Family Based Therapy
Family Based Therapy (FBT) is an evidence-based treatment for children and over teenagers dealing with eating disorders. The family is involved in making sure that the child or other family member follow healthy-eating patterns and maintains a healthy body image and weight. (Cite article 1)
The goals of this form of treatment include restoring a normal weight and maintaining that weight, managing physiologic abnormalities, reducing the comorbid psychiatric symptoms such as depression, and changing the fundamental thoughts that are underlying the anorexia. Bulimics require similar medical management with the goal of the treatment being the restoration of a normalized eating pattern free of the binge and/or purge cycle. (Article 6)
For the patient with anorexia nervosa (AN) who have had repeated hospitalizations, a partial hospitalization treatment plan is recommended. The partial hospitalization treatment should follow a group treatment model and should include nutritional counseling, meal planning and additional groups such as social skills training. For a patient with BN who are in transition from inpatient to outpatient treatment or those whose bingeing and purging have begun to interfere with their functioning may be treated in partial hospitalization. (Article 3)

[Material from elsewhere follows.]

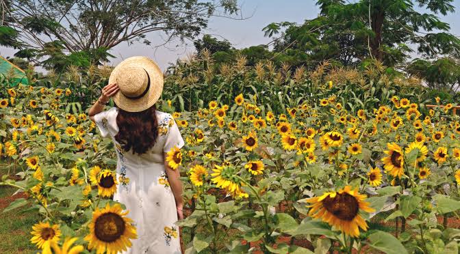 Tak perlu jauh-jauh ke Jogja atau Malang buat berburu spot sunflower karena tempat ini pas sekali buat yang ingin hunting foto instagramable dengan background bunga matahari.

The criteria need for hospitalization for both anorexia and bulimia include unstable medical conditions. Weight loss of 10% to 15% or more normal for relapse only or 16% to 20% or more if it is a patients’ first episode. (Cite article 1). The inpatient hospitalization beings with a full evaluation, including a psychiatric and medical evaluation.
Patients with anorexia are fed initially with supplemental liquid feedings 6 times a day until they are within at least 10% of their goal weight. Patients who refuse the feedings consistently and do not gain weight are given feeing through nasal gastric tubes (Mayo Clinic).
Bulimic patients being with food trays. The goal for both anorectics and bulimics is self-regulated weight maintenance. This is done through letting the patient self-selecting meals after a period of weight maintenance within their range. Both the bulimic and the anorectic are participants in response prevention techniques intended to prevent any purging behavior. (John Hopkins)
Future Practitioner Helping Individual with Eating Disorders from Empowerment and Strength Perspectives
The empowerment perspective and the strength-based approach work together. In social service work, the strengths-based approach involves helpers highlighting the client’s strengths and not their shortfalls. There are different ways to empower clients; and how empowerment can benefit the clients and social services workers attitudes, relationships etc. Social workers need to be aware and practice methods for empowerment effectively to be able to believe in their client’s strengths, abilities, and dreams. (Cite empowerment article). Empowerment does not give people power, people already have plenty of power. Empowerment is defined as letting this power out. It encourages people to gain the skills and knowledge that will allow them to overcome obstacles in life or work environment and eventually help them develop strengths within themselves or in the society (Cite Theo class).